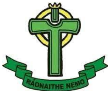
Nemo Rangers – Cork
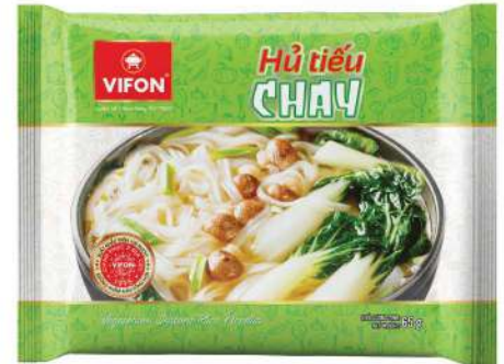
HTG04 Vegetarian (65 g)
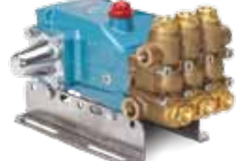
5CP3120 (Rails and shaft protector sold separately)
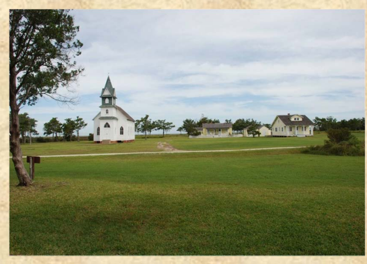
Portsmouth Village Historic District
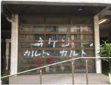
Graffiti sprayed on Family Federation facilities in Japan after the Abe assassination in July 2022.

The huge number of open hostilities against the Family Federation include graffiti sprayed on cars, and windows of church facilities being broken during prayer sessions.
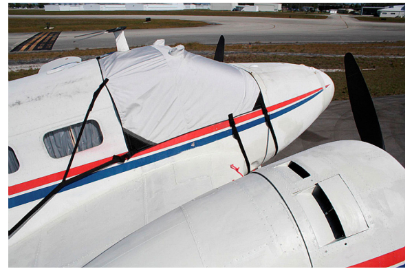
Beech 18 Cockpit Cover
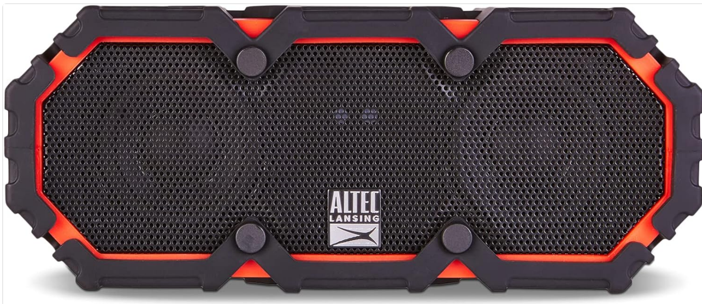
Image: Front view of the Altec Lansing LifeJacket 2 speaker, showcasing its deep red and black design with a mesh grille.

The Altec Lansing LifeJacket 2 is a rugged, waterproof Bluetooth speaker designed for portable audio enjoyment in various environments. This manual provides essential information for setting up, operating, maintaining, and troubleshooting your speaker to ensure optimal performance and longevity.
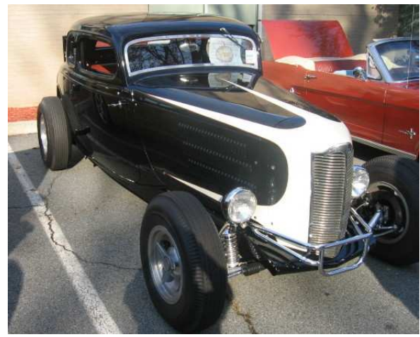
Built in the 60's-very well engineered
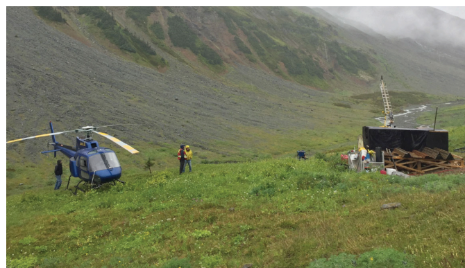
Fig. 3. Drill setup, Forest Kerr project.

In 2017, Aben carried out a nine hole, 2445 m diamond drilling program at the Forest Kerr project (Fig. 3). Highlight results from the newly discovery Boundary North zone included 1.2 g/t Au, 1.8 g/t Ag and 0.21% Cu over 122 m that includes 10.9 g/t Au, 14.6 g/t Ag and 1.5% Cu over 12 m with a high grade core of 21.5 g/t Au, 28.5 g/t Ag and 3.1% Cu over 6 m.
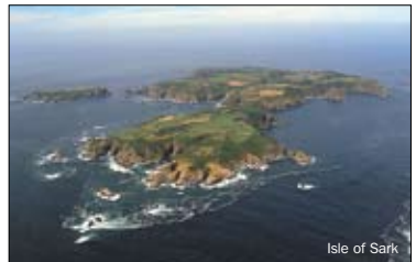
Isle of Sark
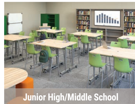
Junior High/Middle School
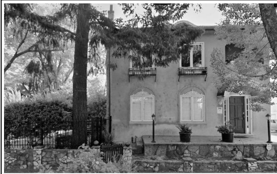
715 25 th (in 2020)
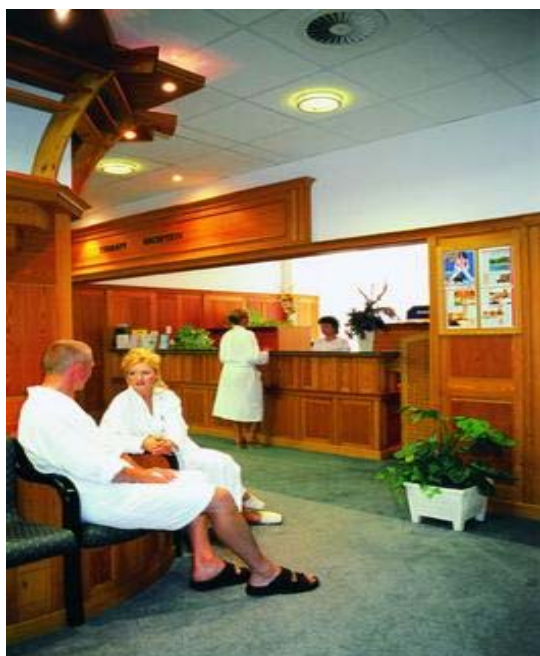
Spa reception Hungry

Working with Nature.... Relaxandpamper.co.uk
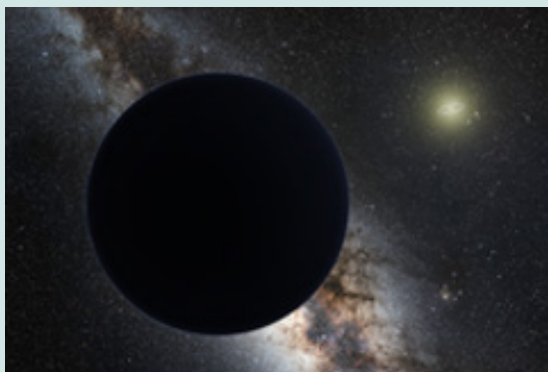
Figure 9: The artistic drawing of the planet Nibiru, according to Shumer Civilization. It might be similar some-thing mentioned in Buddhism literature as discussed in the above text. In addition, some scientists believe it could be the 9th planet in the solar system; in Tibetan time-wheel calendar, there is also an invisible star called Luohou star; however, more evidence are required to support these kinds of speculations.

culture. Likely, the neighbor may use an obvious symbol (like a mount symbol) to refer Shumer people/culture. Taken together, it is possible that the Nibiru in Shumer culture might refer to the same planet of “Sumeru” (Mt Meru) in Buddhism.
_ _ _ _ _ _ _
## TASK STATEMENT
Produce a verbatim copy of all records, minus pictures.

## FINAL ANSWER
Nemo Rangers – Cork
HTG04 Vegetarian (65 g)
5CP3120 (Rails and shaft protector sold separately)
Portsmouth Village Historic District
Graffiti sprayed on Family Federation facilities in Japan after the Abe assassination in July 2022.

The huge number of open hostilities against the Family Federation include graffiti sprayed on cars, and windows of church facilities being broken during prayer sessions.
Beech 18 Cockpit Cover
Image: Front view of the Altec Lansing LifeJacket 2 speaker, showcasing its deep red and black design with a mesh grille.

The Altec Lansing LifeJacket 2 is a rugged, waterproof Bluetooth speaker designed for portable audio enjoyment in various environments. This manual provides essential information for setting up, operating, maintaining, and troubleshooting your speaker to ensure optimal performance and longevity.
Built in the 60's-very well engineered
Fig. 3. Drill setup, Forest Kerr project.

In 2017, Aben carried out a nine hole, 2445 m diamond drilling program at the Forest Kerr project (Fig. 3). Highlight results from the newly discovery Boundary North zone included 1.2 g/t Au, 1.8 g/t Ag and 0.21% Cu over 122 m that includes 10.9 g/t Au, 14.6 g/t Ag and 1.5% Cu over 12 m with a high grade core of 21.5 g/t Au, 28.5 g/t Ag and 3.1% Cu over 6 m.
Isle of Sark
Junior High/Middle School
715 25 th (in 2020)
Spa reception Hungry

Working with Nature.... Relaxandpamper.co.uk
Figure 9: The artistic drawing of the planet Nibiru, according to Shumer Civilization. It might be similar some-thing mentioned in Buddhism literature as discussed in the above text. In addition, some scientists believe it could be the 9th planet in the solar system; in Tibetan time-wheel calendar, there is also an invisible star called Luohou star; however, more evidence are required to support these kinds of speculations.

culture. Likely, the neighbor may use an obvious symbol (like a mount symbol) to refer Shumer people/culture. Taken together, it is possible that the Nibiru in Shumer culture might refer to the same planet of “Sumeru” (Mt Meru) in Buddhism.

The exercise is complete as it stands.